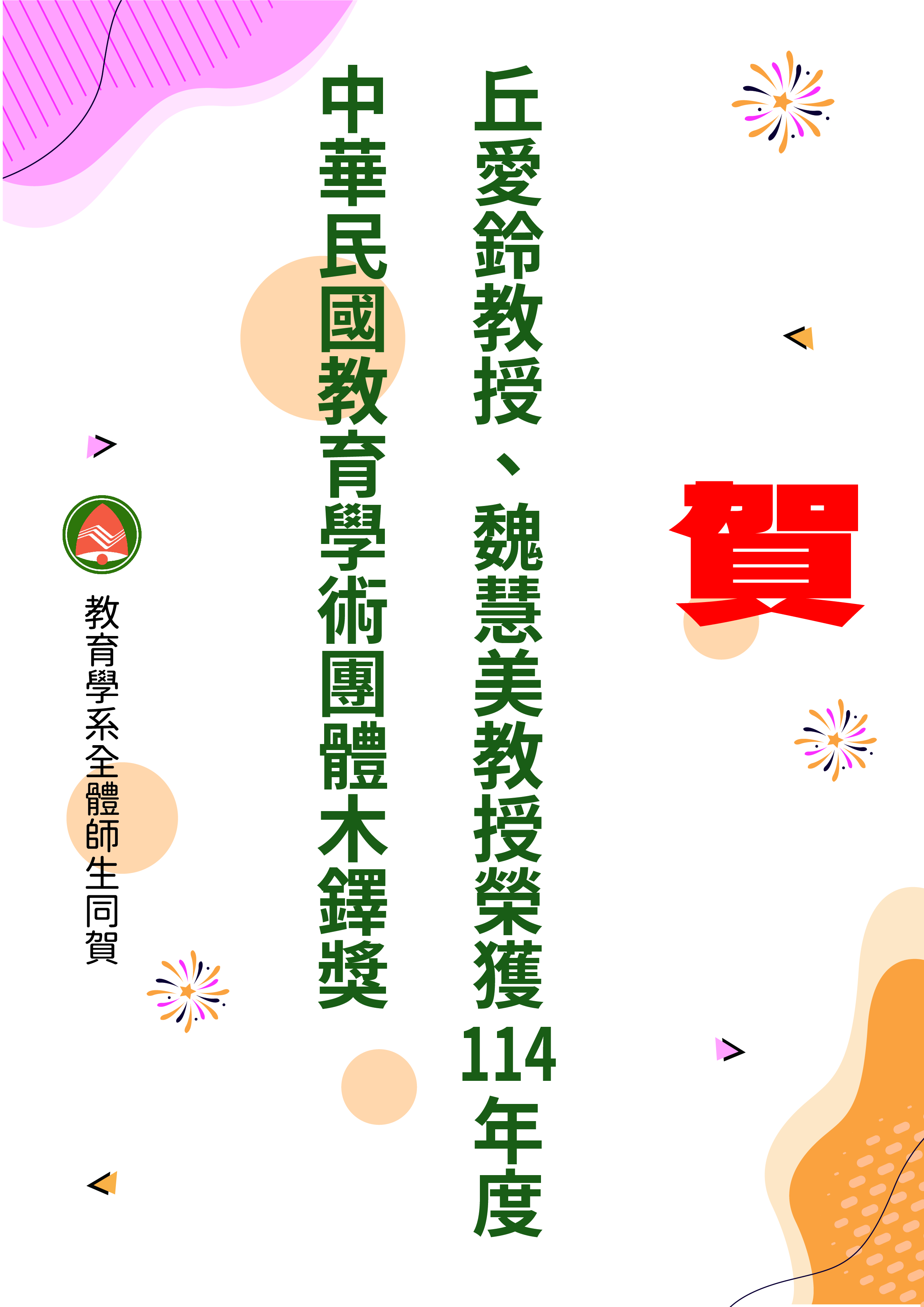 賀丘愛鈴教授、魏慧美教授榮獲114年度中華民國教育學術團體木鐸獎
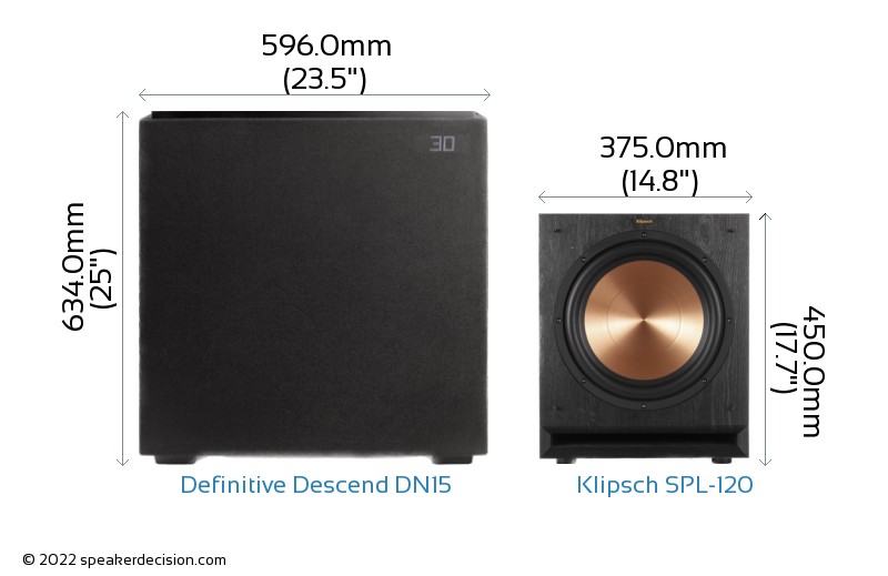Comparison image of Definitive DN15 and Klipsch SPL-120 Size and External Dimensions
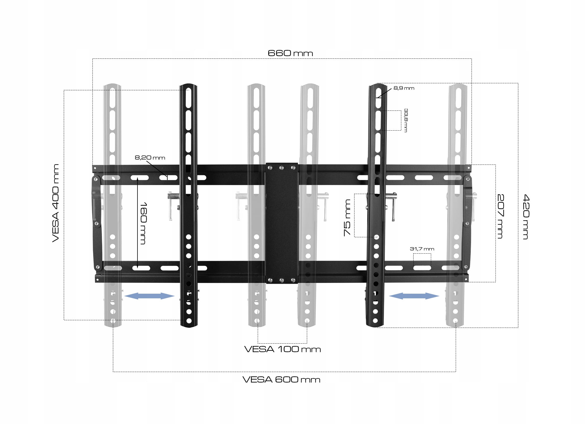 Prezentowany uchwyt jest niesamowicie mocny i uniwersalny - posiada on płynnie regulowany rozstaw otworów montażowych od 100 x 100 mm do aż 600 x 400 mm (pierwszą wartością jest odległość między otworami poziomymi, drugą wartością jest odległość między otworami pionowymi).
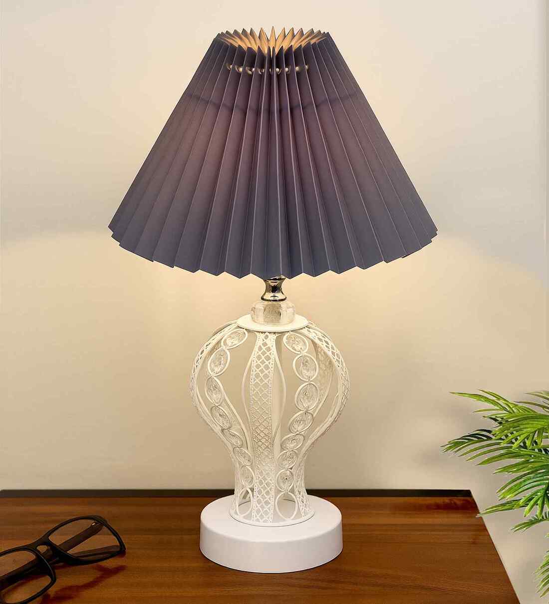 Modern Crystal Round Table Lamp with Grey Pleated Shade
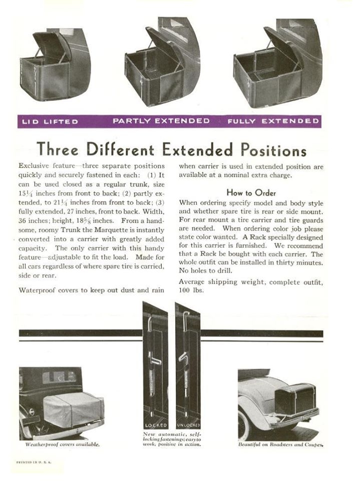 Greetings, HET fans, I was raised restoring old Fords, mostly Model As, but we did build one Model B roadster. Now I am passing the tradition down to my son by helping him build his first car. We are heavily modifying a VW based Gazelle Mercedes SSK replica roadster that he found on line. My first car was a 68 bug that my dad and I restored and I always wanted to build a kit car. Long story short, we were looking for an old 20s-30s removable trunk to serve as an engine cover. I found one and took a chance on it, but it turned out to be too nice. The restorer in me won't let me just chop it up without first determining if it might be that one rare piece that some enthusiast is hoping to find. I did a quick online search and found out that this Marquette Hiway King was a dealership option on Hudson and Essex in the 1930-33 range. WhenI picked it up (some nitwit had drilled through the sides and attached cheap door pulls) I noticed that it was a lot heavier than other similar trunks I've seen. Reading the literature I found online, it turns out that is because the whole front, bottom and sides are doubled up so that once the lid is opened, the whole front slides out and the trunk doubles it's capacity. Pretty nifty. Does anyone have an idea if these were exclusive to the HET marques? Also, what is the rarity/approximate value of this model? I apologize if that breaks any forum etiquette, but I would prefer to find something else for our project and save this piece for folks who own real collector cars.
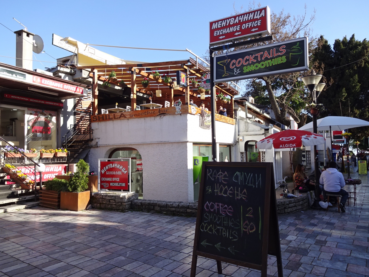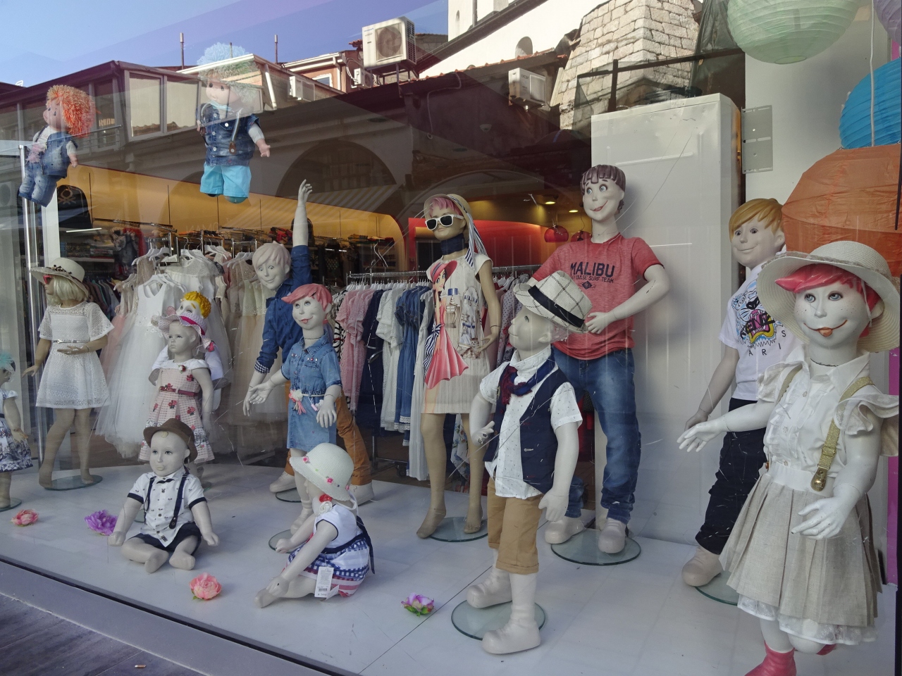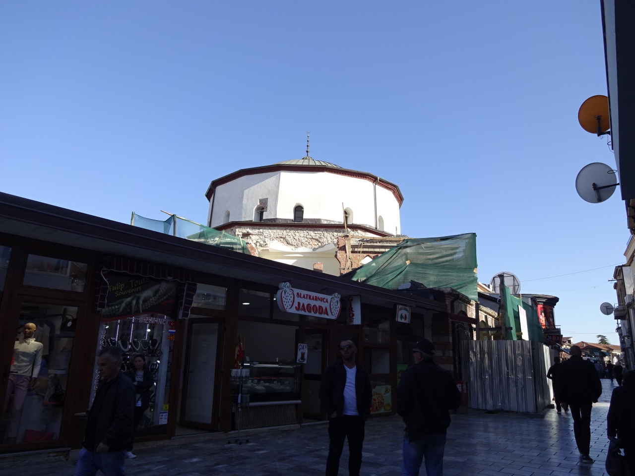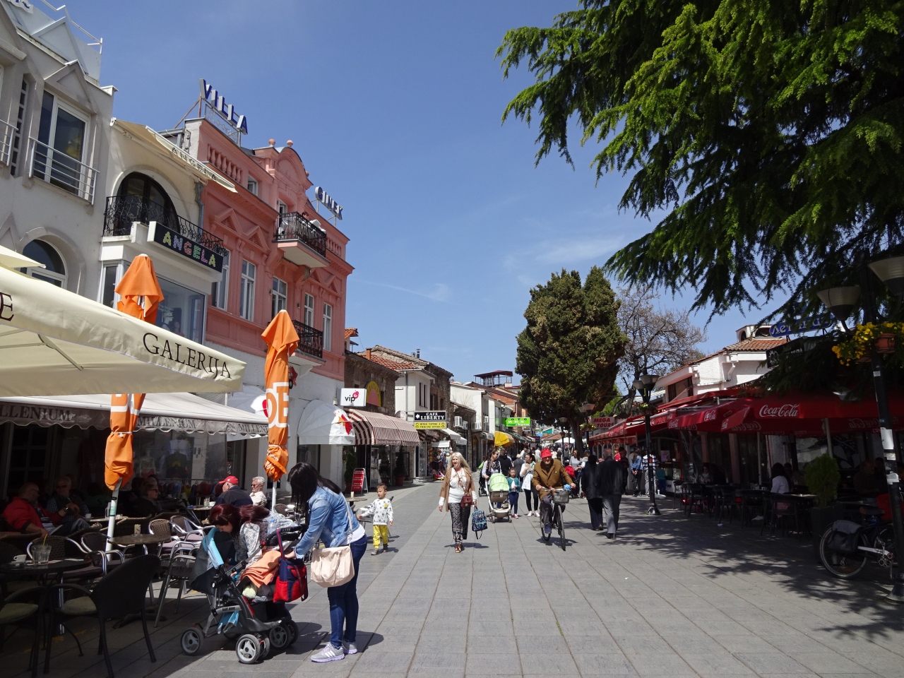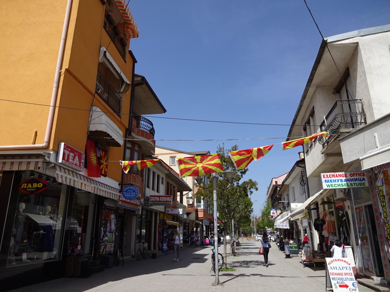 オフリドの中心部にある歩行者天国の通りです。オフリドいち観光客が集まる通りでもありますが、どちらかというと地元の人のためのお店が多く、商店街のようでした。写真館、服屋さん、玩具屋さんなど…特に服屋さんは変なマネキンがあるお店が多く面白かったです。

☆ ☆ ☆ ☆ ☆

Reproduce every entry exactly, but omit each picture.

 賀丘愛鈴教授、魏慧美教授榮獲114年度中華民國教育學術團體木鐸獎
Comparison image of Definitive DN15 and Klipsch SPL-120 Size and External Dimensions
 Prezentowany uchwyt jest niesamowicie mocny i uniwersalny - posiada on płynnie regulowany rozstaw otworów montażowych od 100 x 100 mm do aż 600 x 400 mm (pierwszą wartością jest odległość między otworami poziomymi, drugą wartością jest odległość między otworami pionowymi).
 Modern Crystal Round Table Lamp with Grey Pleated Shade
 Greetings, HET fans, I was raised restoring old Fords, mostly Model As, but we did build one Model B roadster. Now I am passing the tradition down to my son by helping him build his first car. We are heavily modifying a VW based Gazelle Mercedes SSK replica roadster that he found on line. My first car was a 68 bug that my dad and I restored and I always wanted to build a kit car. Long story short, we were looking for an old 20s-30s removable trunk to serve as an engine cover. I found one and took a chance on it, but it turned out to be too nice. The restorer in me won't let me just chop it up without first determining if it might be that one rare piece that some enthusiast is hoping to find. I did a quick online search and found out that this Marquette Hiway King was a dealership option on Hudson and Essex in the 1930-33 range. WhenI picked it up (some nitwit had drilled through the sides and attached cheap door pulls) I noticed that it was a lot heavier than other similar trunks I've seen. Reading the literature I found online, it turns out that is because the whole front, bottom and sides are doubled up so that once the lid is opened, the whole front slides out and the trunk doubles it's capacity. Pretty nifty. Does anyone have an idea if these were exclusive to the HET marques? Also, what is the rarity/approximate value of this model? I apologize if that breaks any forum etiquette, but I would prefer to find something else for our project and save this piece for folks who own real collector cars.
 オフリドの中心部にある歩行者天国の通りです。オフリドいち観光客が集まる通りでもありますが、どちらかというと地元の人のためのお店が多く、商店街のようでした。写真館、服屋さん、玩具屋さんなど…特に服屋さんは変なマネキンがあるお店が多く面白かったです。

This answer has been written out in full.